Kamis, 15 Rabiul Akhir 1441 / 12 Desember 2019

Bumiputera Syariah Yakin tak akan Gagal Bayar

Selasa 03 Sep 2019 04:39 WIB

Rep: Novita Intan/ Red: Nidia Zuraya

PT Asuransi Jiwa Syariah Bumiputera menyelenggarakan konferensi pers Milad Ke 3 Bumiputera Syariah di Bellevue Suites, Senin (2/9).

PT Asuransi Jiwa Syariah Bumiputera menyelenggarakan konferensi pers Milad Ke 3 Bumiputera Syariah di Bellevue Suites, Senin (2/9).

Foto: Republika/Novita Intan
Asuransi Jiwa Bersama Bumiputera tengah mengalami kesulitan pencairan klaim asuransi

REPUBLIKA.CO.ID, JAKARTA -- PT Asuransi Jiwa Syariah Bumiputera resmi menyelesaikan proses pengalihan bisnis Unit Usaha Syariah (UUS) atau spin off AJB Bumiputera 1912 pada September 2016. Adapun proses spin off  telah mendapatkan izin usaha dari Otoritas Jasa Keuangan (OJK).

Direktur Utama Bumiputera Syariah Sudadi mengatakan pendirian Bumiputera Syariah bertujuan untuk memperluas pangsa pasar asuransi jiwa syariah dan memberikan pelayanan optimal kepada masyarakat.
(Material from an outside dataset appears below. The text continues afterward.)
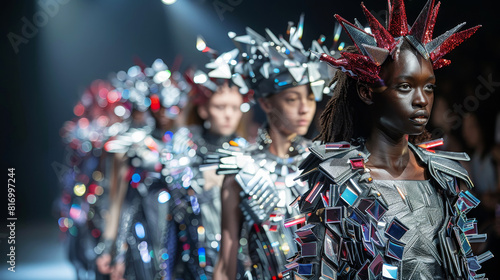 Futuristic runway show featuring models in avant-garde attire with metallic and reflective embellishments

“Kami sudah berdiri tiga tahun dengan mengusung tema Tumbuh dan Kuat di Atas Kemandirian, melalui slogan tersebut terbukti kami mampu memenuhi kewajiban pemegang polis dan tidak ada masalah,” ujarnya saat konferesni pers Milad Ke 3 Bumiputera Syariah di Bellevue Suites, Senin (2/9).

Seperti diketahui PT Asuransi Jiwa Bersama Bumiputera (AJBB) tengah mengalami kesulitan pencairan klaim asuransi. Bahkan, permasalahan tersebut belum menemukan titik terang hingga saat ini.

Melihat kondisi tersebut, menurut Sudadi, perusahaan masih mampu membayarkan klaim kepada para nasabah. Sebab, secara pangsa pasar nasabah juga berbeda dengan induk Asuransi Jiwa Bersama Bumiputera.

“Secara kelolaan keuangan berbeda dengan induk. Selama ini pemegang polis tidak ada masalah karena organisasi juga berbeda dan pasar berbeda juga. Pasar syariah Bumiputera merupakan pasar baru bukan pasar yang sudah dilama digarap oleh induk,” jelasnya.

Bahkan, Sudadi menegaskan perusahaan belum menemukan agen yang dikatakan ‘nakal’ terhadap para nasabah di Indonesia. Ke depan, perusahaan terus menerapkan good corporate governance agar menjadi asuransi jiwa syariah terkemuka di Indonesia.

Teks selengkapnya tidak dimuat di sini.